Because it has an asset-light mannequin, the debt burden is comparatively much less. Its web debt is 3.2 occasions its Adjusted Earnings Earlier than Curiosity, Taxes, Depreciation, and Amortization (EBITDA), nearer to Telus’s 3.5 occasions. Nonetheless, Cogeco’s excessive ratio is due to a 5.3% decline in Adjusted EBITDA on account of an accounting therapy.

Cogeco acknowledged $1.8 million and $3.5 million of know-how licensing prices for its wi-fi operations as working bills through the three- and six-month durations ended February 28, 2026, respectively. Earlier, when Cogeco was establishing the wi-fi enterprise, it reported this expense underneath ‘Acquisition, integration, restructuring, and different prices’, which didn’t have an effect on its EBITDA. The accounting therapy has modified the leverage ratio, however debt is at manageable ranges.
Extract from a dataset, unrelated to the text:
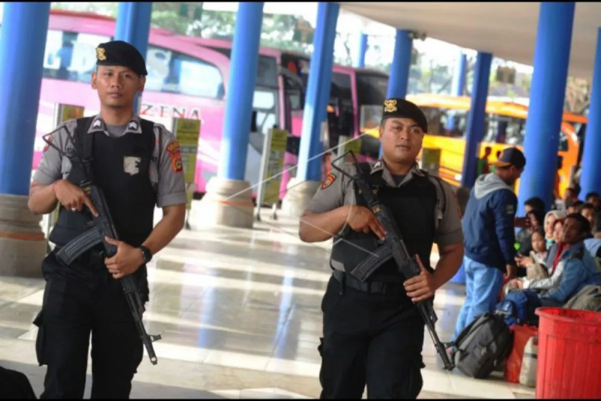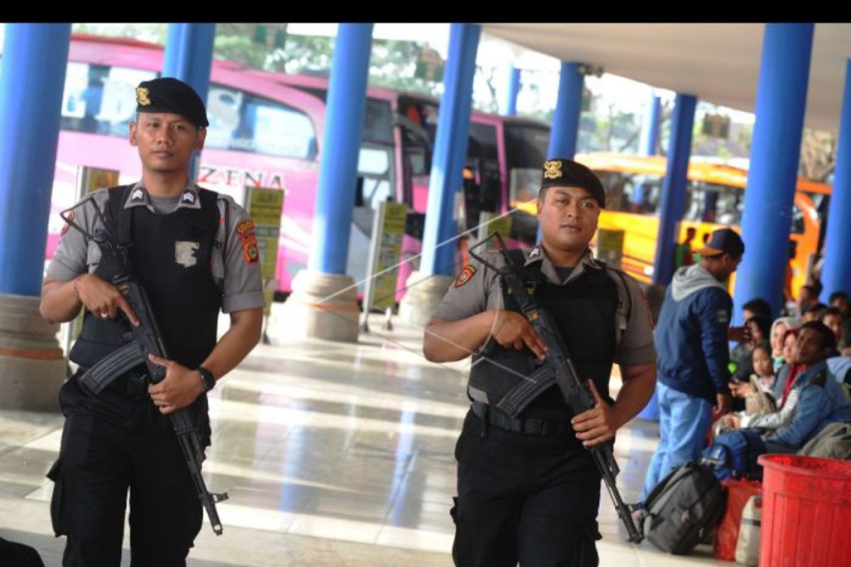 Petugas kepolisian bersenjata berpatroli di Terminal Tipe A Mengwi, Badung, Bali, Rabu (29/5/2019). Pengamanan di terminal bus tersebut dilakukan untuk menekan angka kriminalitas dan memberi rasa aman bagi para pemudik selama arus mudik lebaran 2019. ANTARA FOTO/Fikri Yusuf/nym.
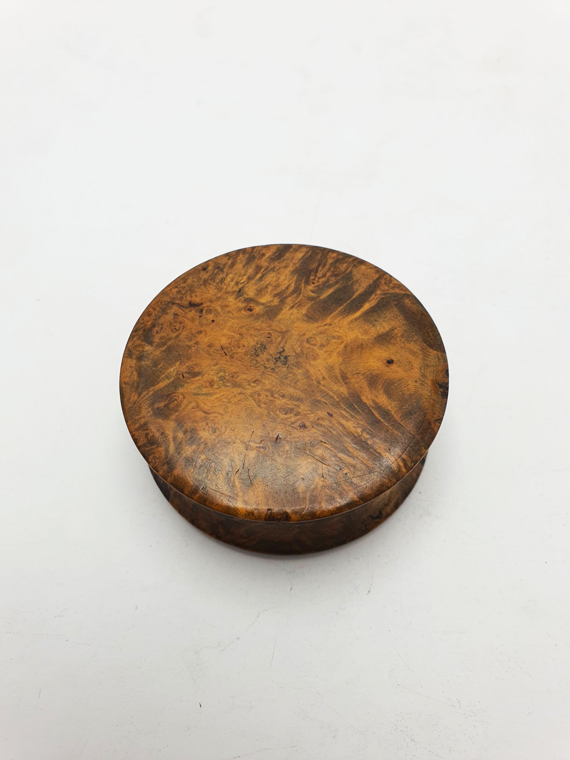 A Lovely Antique Victorian Burr Walnut Snuff Box with Painted Glass Inset of a delicate yellow flower, framed in a gilt brass bezel. This box features deep, complex grain patterns typical of fine burr walnut, offering visual richness and warmth.

One spectacular dividend inventory yielding 6%

Cogeco is a lovely dividend inventory. It has been rising dividends at a median annual price of 10% for the final 11 years. In 2026, it grew its dividend by 7% to $3.95 per share. This dividend makes up for 30% of its free money stream per share. That could be a protected ratio, giving Cogeco ample area to develop its dividends even when income falls.

In contrast to BCE and Telus, Cogeco doesn’t provide a dividend reinvestment plan. Nonetheless, its excessive dividend yield and development price make it value contemplating in your passive earnings portfolio.

Learn how to spend money on Cogeco

Cogeco inventory fell 20% on March 26, triggered by information that institutional shareholder CDPQ is rebalancing its fairness stake. This dip has created a shopping for alternative for dividend seekers to lock in a 6% yield. Contemplate investing a lump sum quantity within the inventory earlier than it recovers.

A bit over $6,000 funding right this moment should buy you 91 shares of Cogeco, which might earn $359 in annual dividends. You should utilize these dividends to purchase different development shares and develop your portfolio.

YrCogeco dividend per shareVariety of shares bought from $6,000Cogeco Share ValueDiviend Quantity
2026$3.9591$66.08$359.27
2027$4.1891$380.82
2028$4.4491$403.67
2029$4.7091$427.89
2030$4.9891$453.57

Assuming Cogeco grows its dividend by 6% yearly, these 91 shares can provide you $453 in annual dividends by 2030. Contemplate investing by means of a Tax-Free Financial savings Account to keep away from dividend tax.